*** Opening of Available data ***

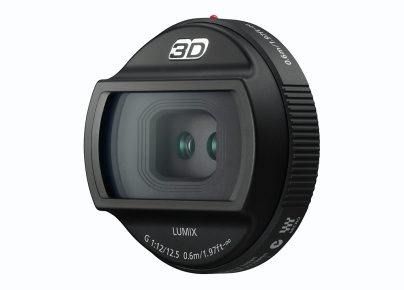 Das 3D-Objektiv Panasonic Lumix G 12/12,5mm ist für das Micro FourThirds System ausgelegt und soll daher dreidimensionale Aufnahmen auch mit Kameras ohne spezielle 3D-Fähigkeiten ermöglichen. Das Modell arbeitet nämlich mit einem Doppelobjektiv à 12/12,5mm im Kleinbildformat und stellt parallel zwei 3 Megapixel-Aufnahmen her, die im Nachhinein zu einem Bild mit einer räumlichen Wirkung kombiniert werden.
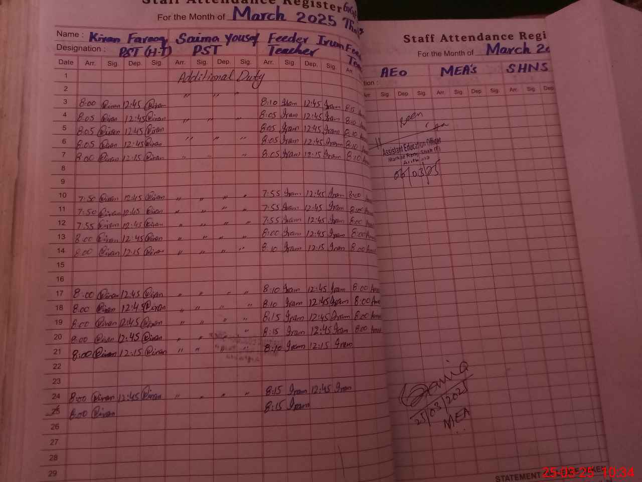 | 36**** | Ki**** Sh**** | PST | Regular | 0 | 0 | 0 | 0 | 0 | 0 | 0 | 0 | 0 | Exam Duty |
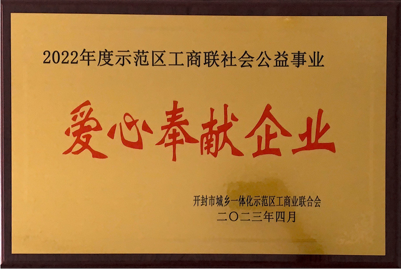 近日,開封市城鄉(xiāng)一體化示范區(qū)工商業(yè)聯(lián)合會向我公司頒發(fā)了2022年度示范區(qū)工商聯(lián)社會公益事業(yè)“愛心奉獻企業(yè)”榮譽證書,這是對我公司積極履行社會責任的一種充分肯定。
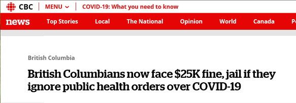 - People who ignore public health orders can now be jailed or fined upward of $25,000. 공중보건명령을 어기는 사람은 최고 CAD$25,000의 벌금이나 투옥될수 있습니다.
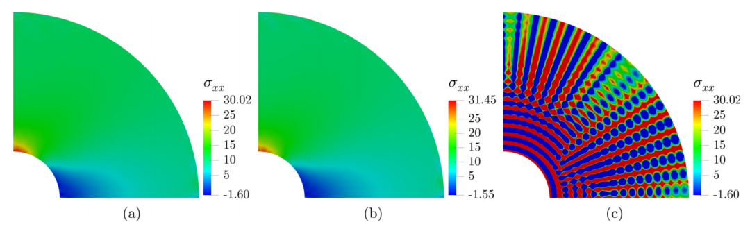 图:受拉带孔无限板。a 使用CAS1单元的x方向法向应力分布。b 使用CAS2单元计算x方向上的法向应力分布。c使用CS单元的x方向法向应力分布。
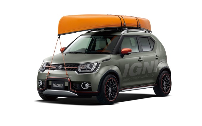Al Tokyo Auto Salon 2016, importante kermesse nipponica con grande spazio al tuning, Suzuki presenterà tre show car che daranno colore e personalità allo stand del marchio giapponese. Le tre speciali vetture di Suzuki sono la Ignis Water Activity, la Hustler Rough Road e la Alto Works GP.
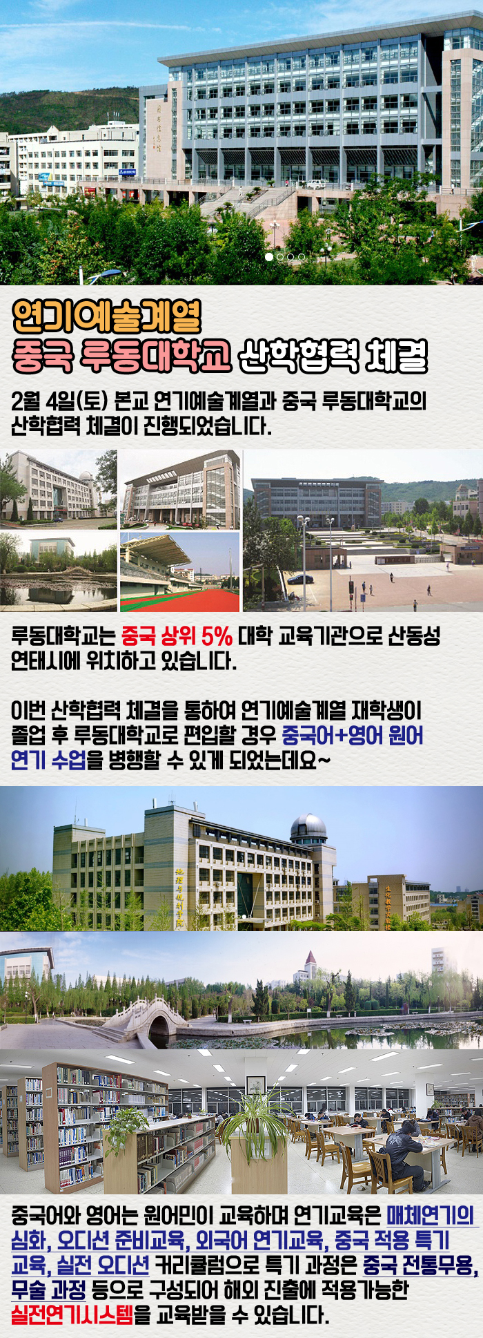 2월 4일(토) 본교 연기예술계열과 중국 루동대학교의 산학협력 체결이 진행되었습니다.
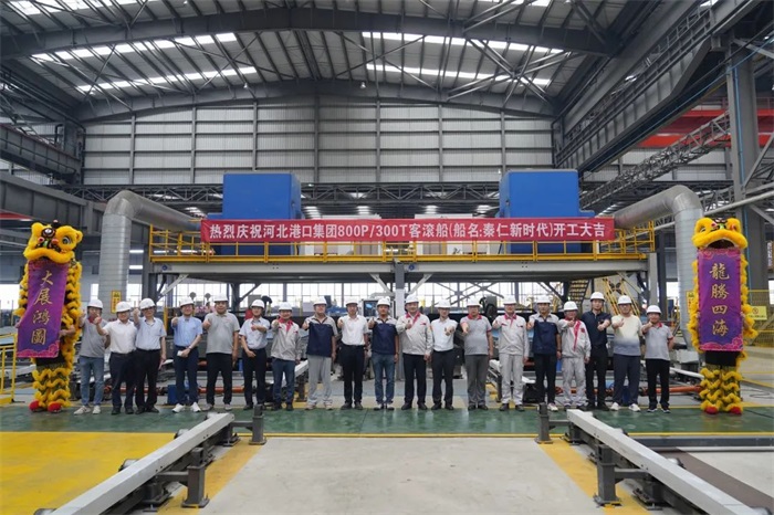 8 月 15 日,蕪湖造船廠為秦皇島合創(chuàng)船務(wù)有限公司建造的800客位新型客滾船舉行開工儀式。河北港口集團、秦皇島合創(chuàng)船...
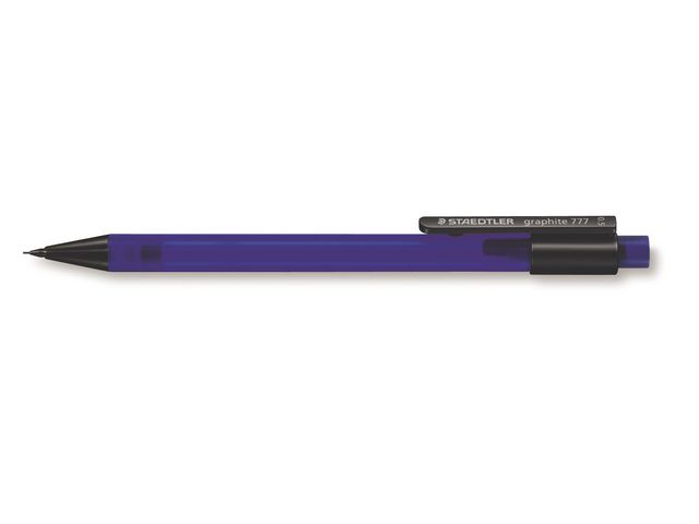 Den mekaniska stiftpennan STAEDTLER Graphite 777 har ett gummigrepp för extra komfort. Den här mekaniska stiftpennan har ett stiftskydd för ökad hållbarhet så att du kan fortsätta att skriva utan att stiftet går av. Gummigreppet gör denna mekaniska stiftpenna lätt att greppa och gör det bekvämt att skriva. STAEDTLER Graphite 777 har ett 0,7 mm stift som passar perfekt för framträdande och intensiv skrift. Den har ett extra stort suddgummi som är PVC- och latexfritt. Den förkromade metallspetsen skyddas av en stifthylsa när den inte används, vilket gör den mekaniska pennan ficksäker. Korken med fickklämma gör den enklare att bära med sig.

*** Close of Available data ***

#### Work request:
Please restate the data word for word, leaving out any picture it holds.

#### Output for this task:
 Das 3D-Objektiv Panasonic Lumix G 12/12,5mm ist für das Micro FourThirds System ausgelegt und soll daher dreidimensionale Aufnahmen auch mit Kameras ohne spezielle 3D-Fähigkeiten ermöglichen. Das Modell arbeitet nämlich mit einem Doppelobjektiv à 12/12,5mm im Kleinbildformat und stellt parallel zwei 3 Megapixel-Aufnahmen her, die im Nachhinein zu einem Bild mit einer räumlichen Wirkung kombiniert werden.
 | 36**** | Ki**** Sh**** | PST | Regular | 0 | 0 | 0 | 0 | 0 | 0 | 0 | 0 | 0 | Exam Duty |
 近日,開封市城鄉(xiāng)一體化示范區(qū)工商業(yè)聯(lián)合會向我公司頒發(fā)了2022年度示范區(qū)工商聯(lián)社會公益事業(yè)“愛心奉獻企業(yè)”榮譽證書,這是對我公司積極履行社會責任的一種充分肯定。
 - People who ignore public health orders can now be jailed or fined upward of $25,000. 공중보건명령을 어기는 사람은 최고 CAD$25,000의 벌금이나 투옥될수 있습니다.
 图:受拉带孔无限板。a 使用CAS1单元的x方向法向应力分布。b 使用CAS2单元计算x方向上的法向应力分布。c使用CS单元的x方向法向应力分布。
Al Tokyo Auto Salon 2016, importante kermesse nipponica con grande spazio al tuning, Suzuki presenterà tre show car che daranno colore e personalità allo stand del marchio giapponese. Le tre speciali vetture di Suzuki sono la Ignis Water Activity, la Hustler Rough Road e la Alto Works GP.
 2월 4일(토) 본교 연기예술계열과 중국 루동대학교의 산학협력 체결이 진행되었습니다.
 8 月 15 日,蕪湖造船廠為秦皇島合創(chuàng)船務(wù)有限公司建造的800客位新型客滾船舉行開工儀式。河北港口集團、秦皇島合創(chuàng)船...
 Den mekaniska stiftpennan STAEDTLER Graphite 777 har ett gummigrepp för extra komfort. Den här mekaniska stiftpennan har ett stiftskydd för ökad hållbarhet så att du kan fortsätta att skriva utan att stiftet går av. Gummigreppet gör denna mekaniska stiftpenna lätt att greppa och gör det bekvämt att skriva. STAEDTLER Graphite 777 har ett 0,7 mm stift som passar perfekt för framträdande och intensiv skrift. Den har ett extra stort suddgummi som är PVC- och latexfritt. Den förkromade metallspetsen skyddas av en stifthylsa när den inte används, vilket gör den mekaniska pennan ficksäker. Korken med fickklämma gör den enklare att bära med sig.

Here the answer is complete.